What Information Is Automatically Confidential?
Indiana excludes certain sensitive information from public access automatically, even in an otherwise-public divorce file. Under Rule 5 of the Access to Court Records Rules, categories such as Social Security numbers, financial account numbers, minor children's information in specified contexts, and protected-address details are confidential without any motion to seal. Filers must submit these on a separate confidential document.
This automatic-exclusion system protects divorce records privacy without requiring parties to litigate a sealing motion. Indiana uses a redaction mechanism: when a filing contains confidential information, the filer submits the full document as a confidential (green-paper or e-filed confidential) version and a redacted public version, accompanied by an Access to Court Records (ACR) form identifying what was excluded and citing the Rule 5 ground. A person reviewing the case will see that a document exists and that portions are excluded, along with the ACR form explaining why, but will not see the protected data itself. This is different from sealing an entire case. Confidential-by-rule exclusion happens automatically for enumerated categories; sealing an entire divorce file requires the demanding clear-and-convincing showing described above. For a dissolution involving domestic violence, a party may also seek address confidentiality so a protected spouse's location is not disclosed in the public file. Understanding this distinction helps parties protect sensitive data without overreaching to seal a whole case, which courts rarely permit.

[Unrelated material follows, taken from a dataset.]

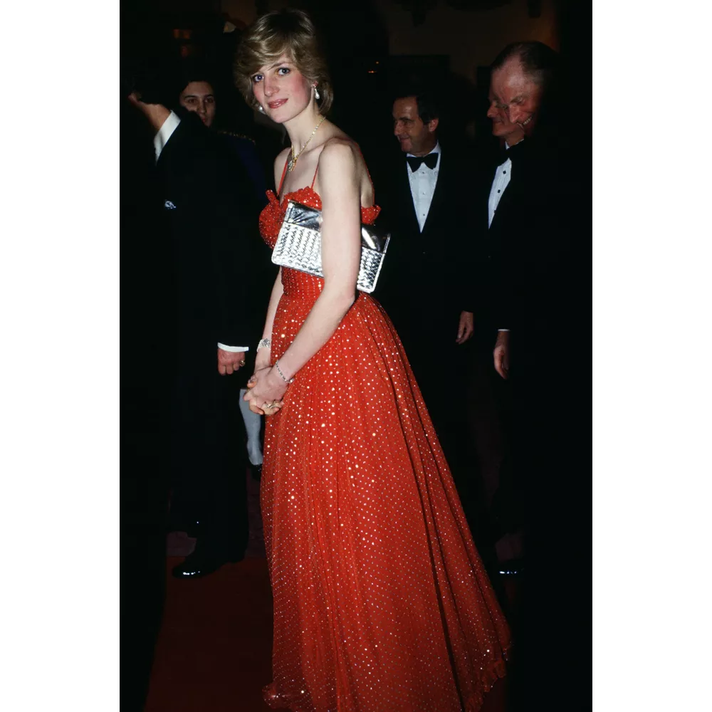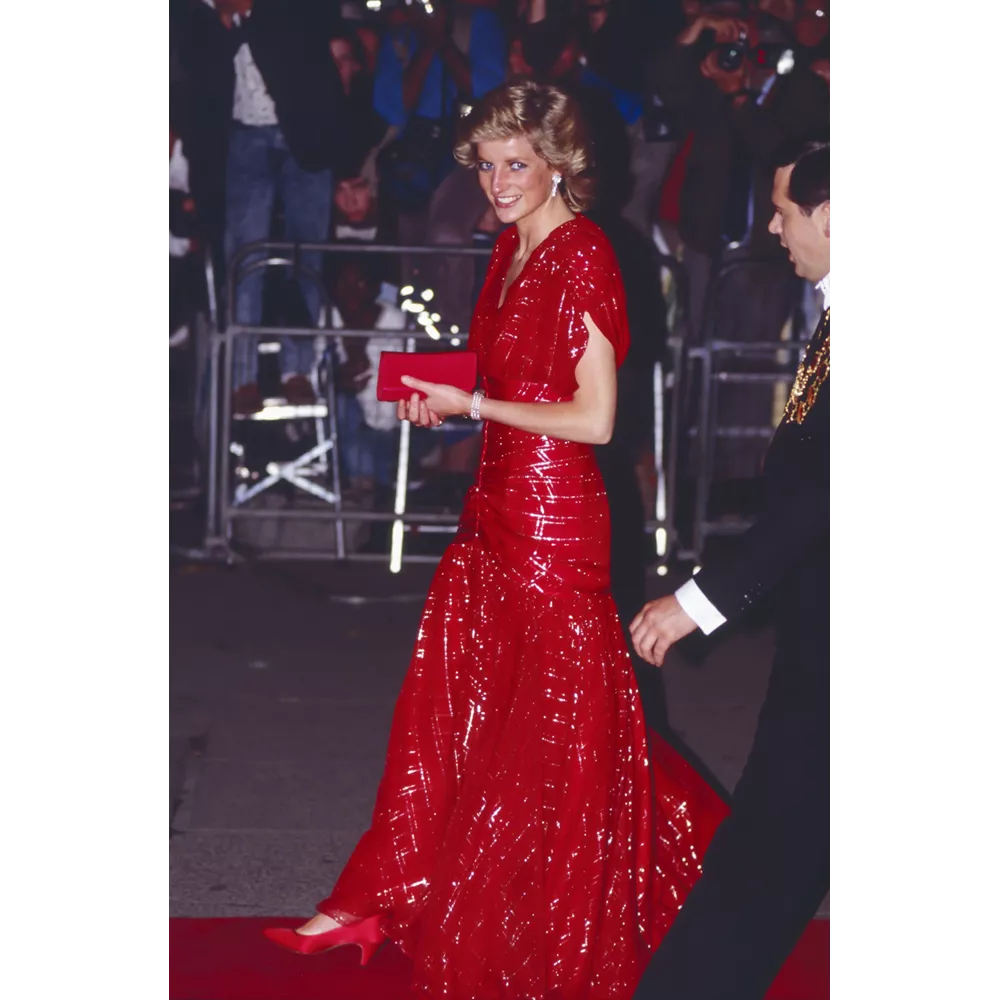 Το κόκκινο ήταν συχνά η επιλογή της και σε βραδινό ένδυμα, με το red silk μάξι φόρεμα με lamé tartan μοτίβο του σχεδιαστή Bruce Oldfield, όπως και το princess-like πουά τούλινο φόρεμα σε κόκκινο χρώμα του Bellville Sassoon, να θεωρούνται πλέον iconic εμφανίσεις. Μεταγενέστερα, και αφού έχει χωρίσει με τον Κάρολο, η Diana καταφεύγει σε πιο σέξι σιλουέτες με το μίνι μήκος, τις εφαρμοστές γραμμές και τα θηλυκά ντεκολτέ να γίνονται κυρίαρχα στο επίσημο ντύσιμό της. Η αγάπη της για το κόκκινο χρώμα, ωστόσο, δεν την εγκατέλειψε ποτέ και φορέματα όπως το κόκκινο cocktail dress του Christian Lacroix που φόρεσε στο Παρίσι το 1995 ή το αντίστοιχου στιλ δαντελένιο φόρεμα της αγαπημένης της σχεδιάστριας, Catherine Walker, που φόρεσε την ίδια χρονιά στο ταξίδι της στην Αργεντινή, επιβεβαιώνουν την σταθερή της προτίμηση στο χρώμα του πάθους, σε βραδινές αλλά και πρωινές περιστάσεις.

Indiana Divorce Basics That Shape the Record
The content of an Indiana divorce record is defined by the state's dissolution laws. Indiana is a no-fault state under Ind. Code § 31-15-2-3, where the sole common ground is the irretrievable breakdown of the marriage. At least one spouse must have lived in Indiana for 6 months and in the filing county for 3 months, and no final hearing may occur earlier than 60 days after filing.
These procedural rules determine what a completed divorce file contains and how long it takes to generate. Indiana's residency requirement under Ind. Code § 31-15-2-6 means the court must have jurisdiction before a record can exist; a petition filed without meeting residency may be dismissed. The mandatory 60-day waiting period under Ind. Code § 31-15-2-10 cannot be waived or shortened, even in fully agreed cases, so the earliest a decree can appear in the public record is roughly 61 days after filing. In uncontested matters, the court may enter a summary dissolution decree without a hearing if both spouses file a written waiver of final hearing plus either a statement of no contested issues or a full settlement agreement. Indiana divides marital property by equitable distribution, starting from a presumption that an equal division is just and reasonable, which the court may rebut based on statutory factors. Because settlement agreements and property terms are filed with the court, they generally become part of the public divorce record unless a specific confidentiality provision applies.